Cyrtodactylus deccanensis, also commonly known as Deccan ground gecko, Günther's Indian gecko, or the banded ground gecko, is a species of gecko found in the northern Western Ghats of India. It has been found from northern Maharashtra, with a habitat range possibly extending to southern Gujarat. Cyrtodactylus albofasciatus was previously considered conspecific with Cyrtodactylus deccanensis but is now accepted as a valid species.

==Description==
Their head is rather large, oviform, snout longer than the diameter of the orbit or the distance between the eye and the ear-opening; forehead and loreal region concave; ear-opening suboval, vertical, about one third the diameter of the eye. Body moderately elongate, depressed. Its limbs are rather long; digits moderately elongate, cylindrical in the basal, compressed in the distal portion; the plates under the basal phalanx are very small, little larger than the surrounding tubercles. The head is covered with convex granules, largest on the snout and temples; rostral quadrangular, not quite twice as broad as deep, with median cleft above; nostril pierced between the rostral, the first labial, and three nasals; 9 to 11 upper and as many lower labials; mental triangular or pentagonal; a pair of large chin-shields, forming a long suture behind the point of the mental, in contact externally and posteriorly with two smaller pairs. Body covered above with large juxtaposed subequal tubercles arranged in more or less regular transverse series; these tubercles flat or very slightly keeled, generally with a small raised point in the centre. Abdominal scales round, smooth, sub-imbricate, much smaller than dorsals. Males with enlarged preanal and femoral scales, but without pores. Tail cylindrical, tapering, covered with uniform smooth scales arranged in rings. Reddish brown above, with narrow white, black-edged cross bars; the first semicircular, extending from one eye to the other across the nape; a second on the scapular region, two on the body, and a fifth on the sacrum; similar bands forming annuli round the tail; lower surfaces whitish.

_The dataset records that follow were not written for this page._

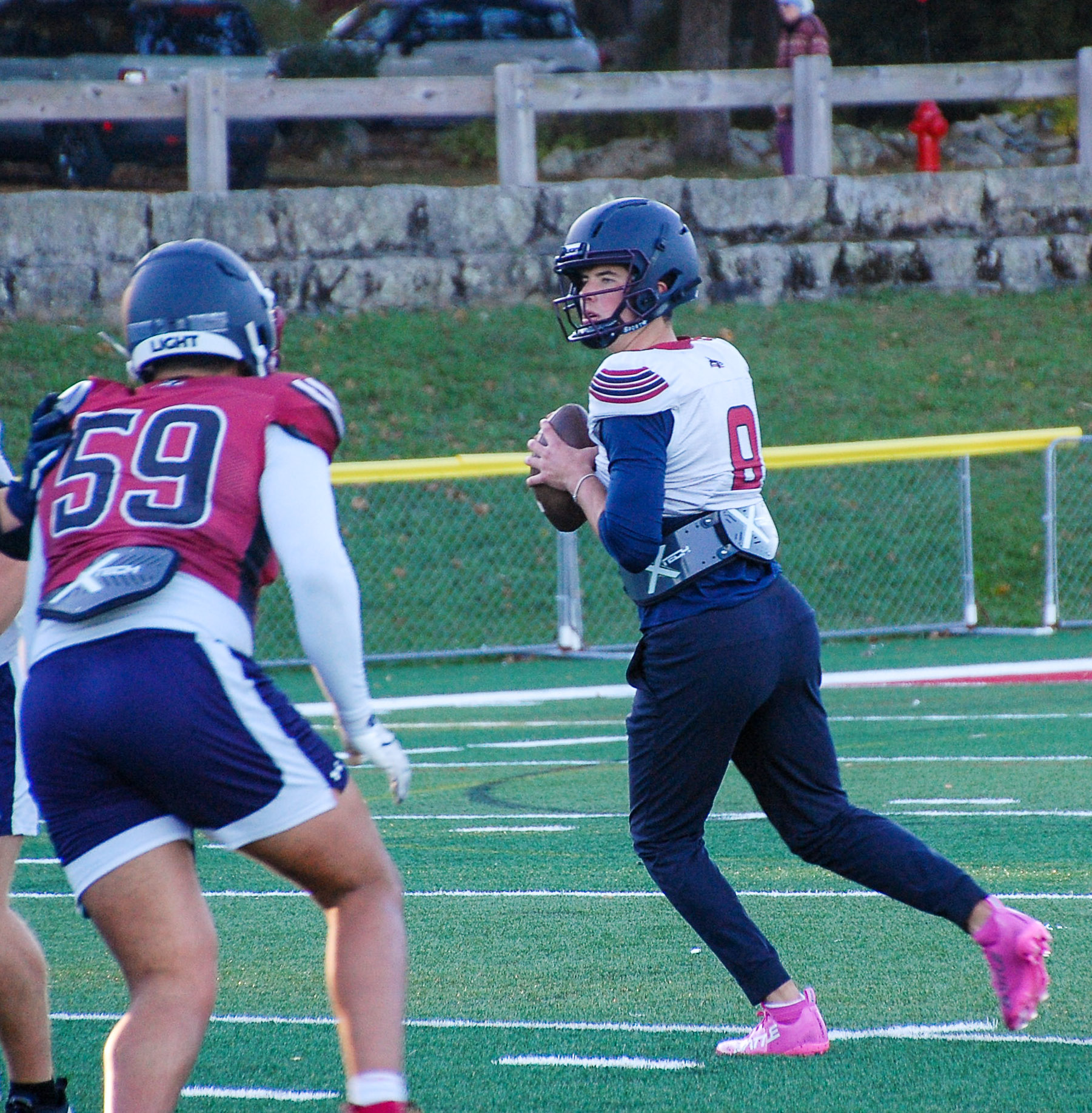 Peter Bourque of Hingham is a junior committed to the University of Michigan for the 2027-28 season. Bourque is the quarterback, a team captain and has been on the team for two years.
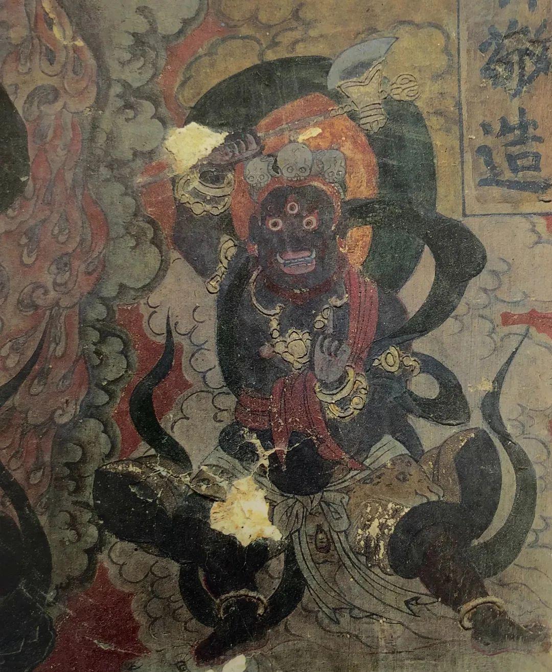 丽江壁画中的大黑天神形象体现出了汉藏两种风格,它们分别指向图像学上的两个源头:其一是南诏时期本土流行的土主大黑天“摩诃迦罗”造像,它属于东南亚造像体系的余脉。其二是蒙元时期中原流行的藏密大黑天“摩诃葛刺”,带有浓厚的藏传佛教美术的特征。
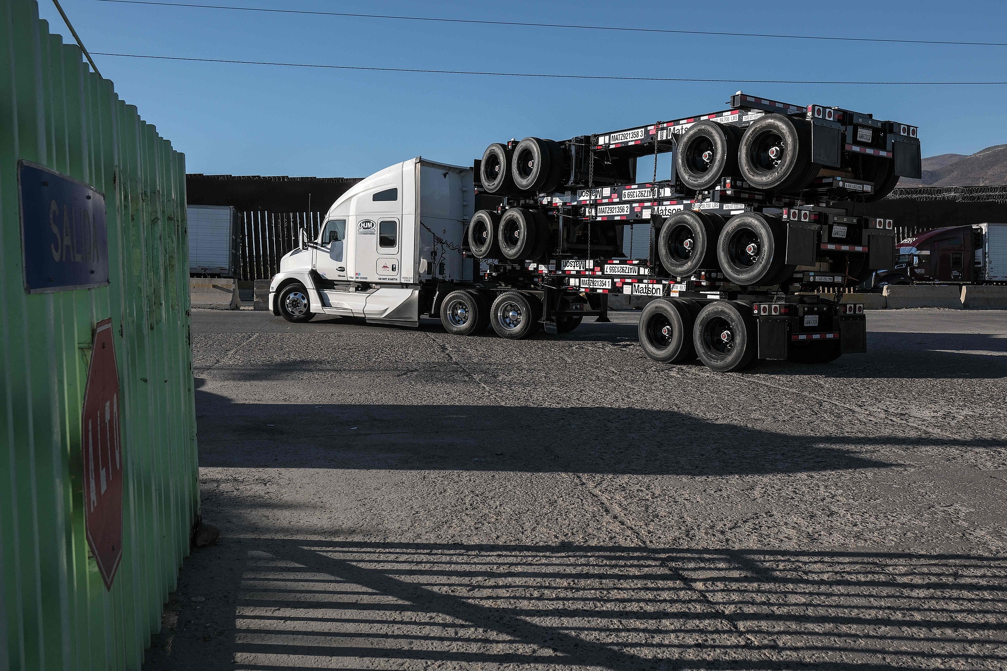 A cargo truck drives next to the border wall before crossing to the US at Otay commercial port in Tijuana, Baja California state, Mexico, on July 31, 2025. /VCG
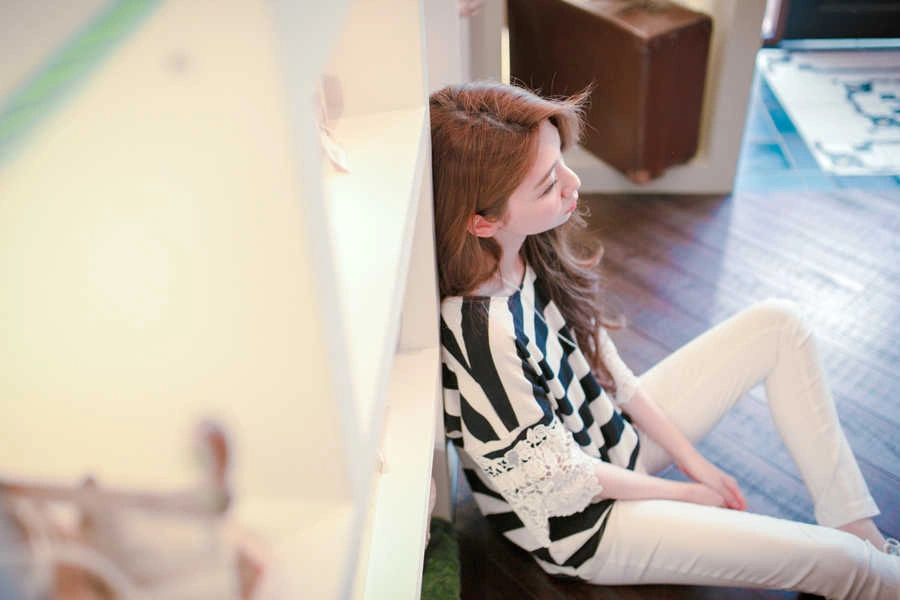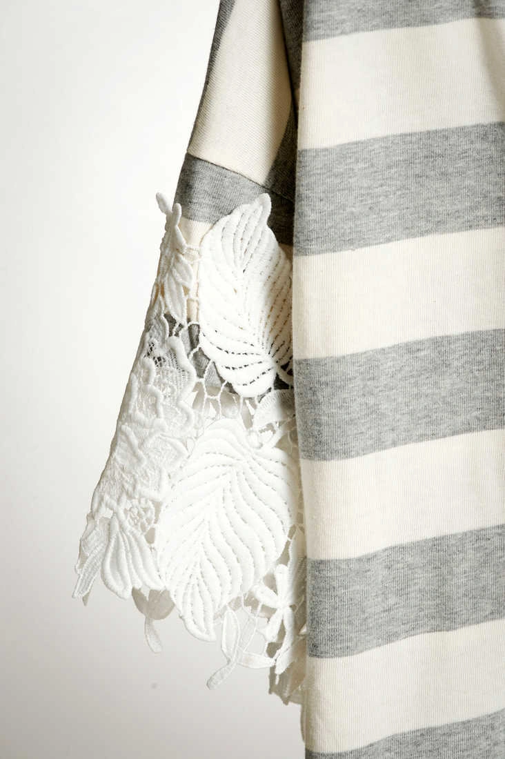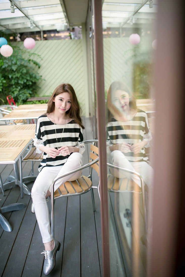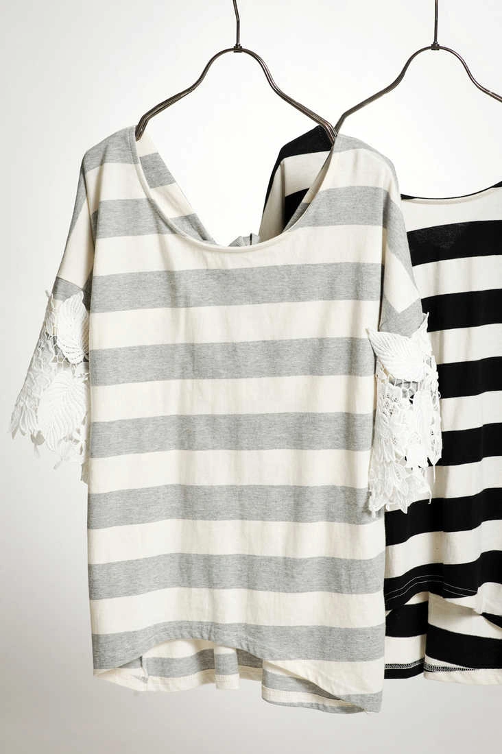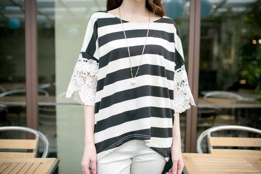 TIP:蕾絲袖、後綁帶(可拆式)、斜橫紋設計
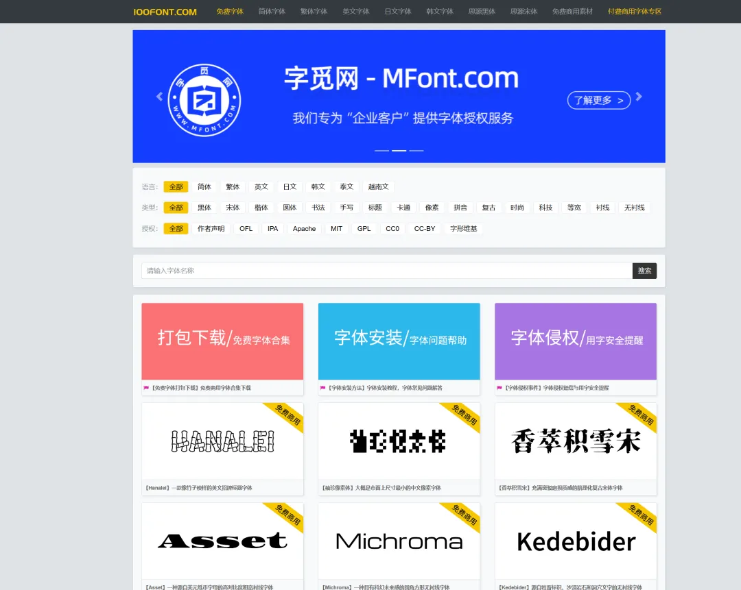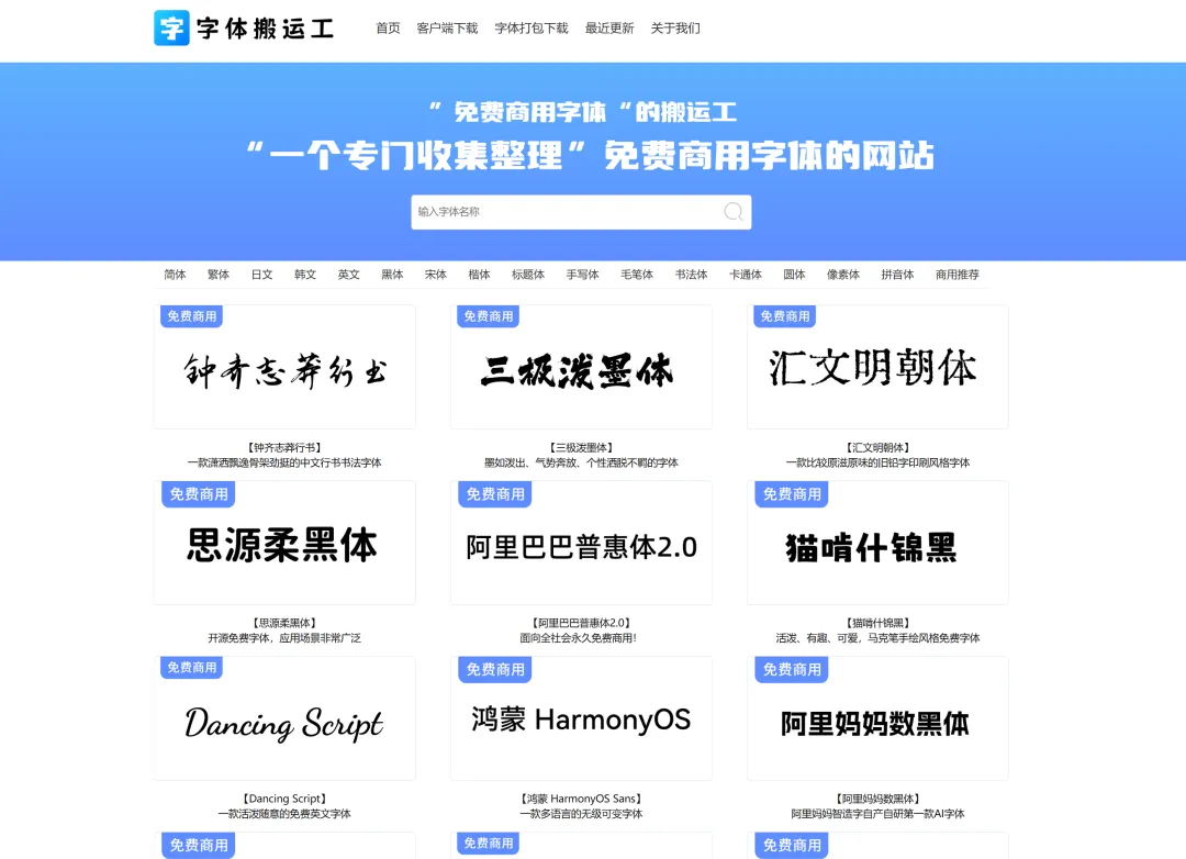 收錄超過1000款可商用字體,涵蓋簡體、繁體、英文等多種語言類型,支持按風格、用途、字符集等多維度篩選,可用夸克網盤批量下載。平臺還會定期更新字體資源,確保收錄最新發布的免費商用字體,在商業項目中合法使用,規避版權糾紛風險。
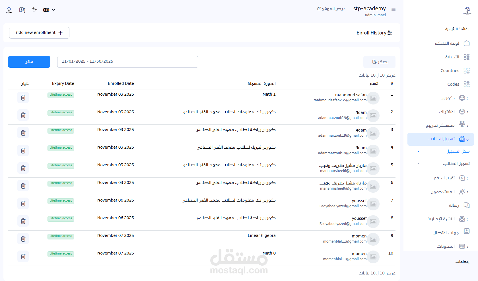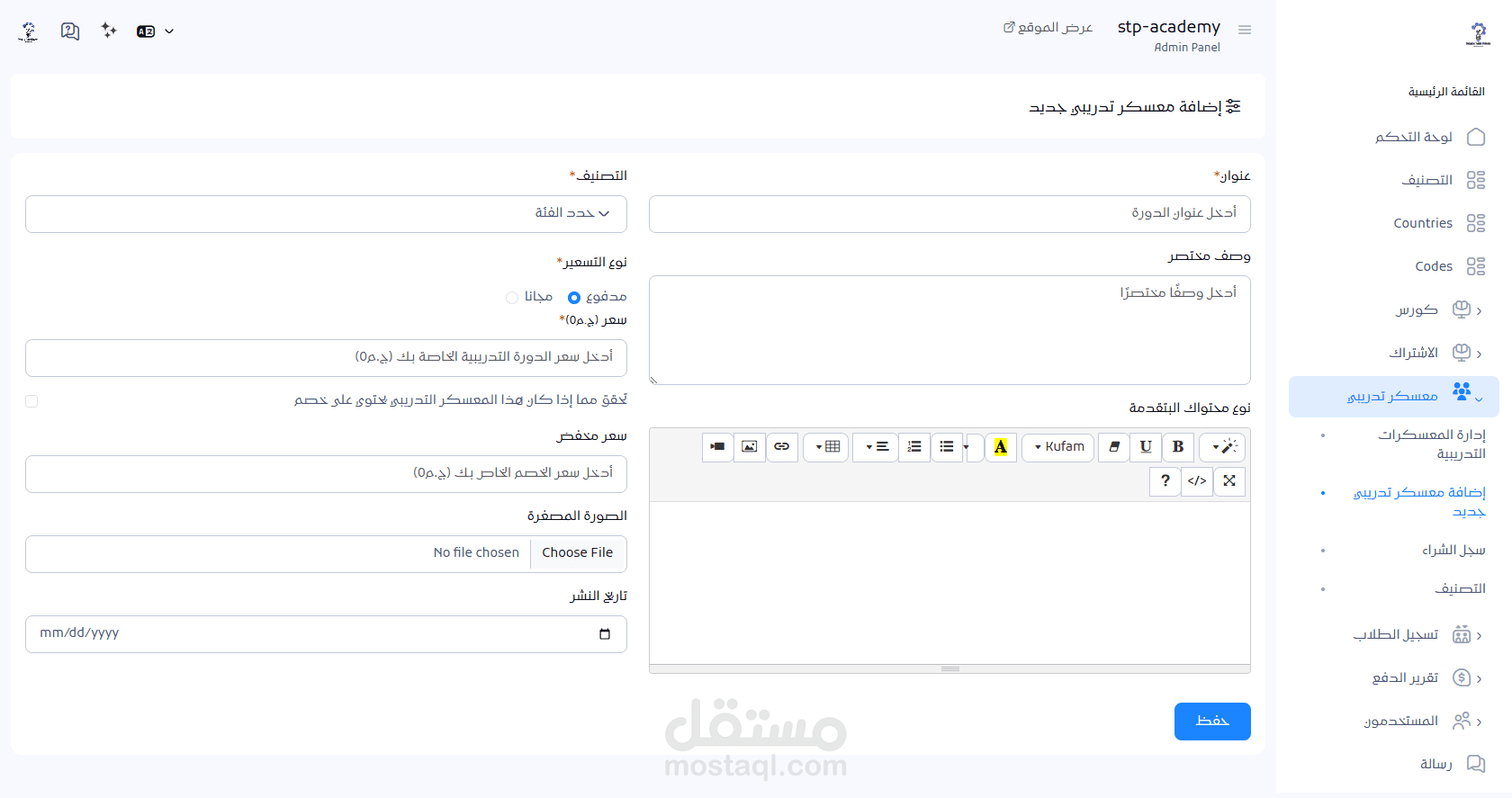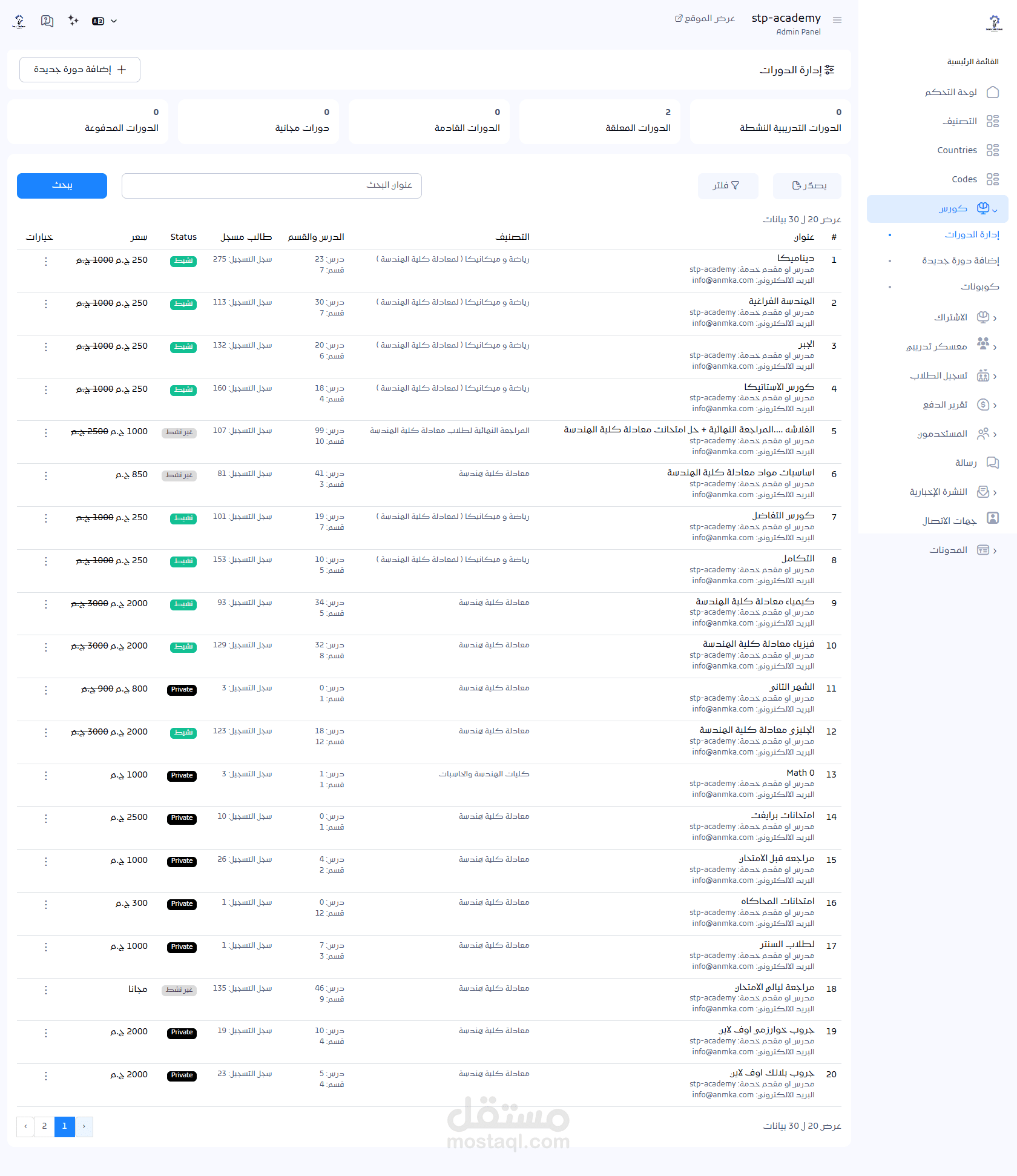 إمكانية تفعيل الدورات المجانية أو المدفوعة.

From snout to vent 2.5 inches; tail 2.25.

The type locality is "Deccan", Bombay Presidency.

Günther (1864) described Gymnodactylus (Geckoella) deccanensis on the basis of a single specimen collected "in the Deccan". Being a nocturnal species that lives in forests they are rarely encountered. The deccan ground gecko lives on forest floors and is insectivorous. Common in the Northern Western Ghats, this species has been reported in Sanjay Gandhi National Park, Matheran, Khandala, Phansad Wildlife Sanctuary, Tungareshwar Wildlife Sanctuary, Koyna Wildlife Sanctuary, and also from Tamhini Ghat. It has been recently reported from Saputara Hills, in the Dang District of Gujarat. Some taxonomic authorities still place this species in the genus Geckoella.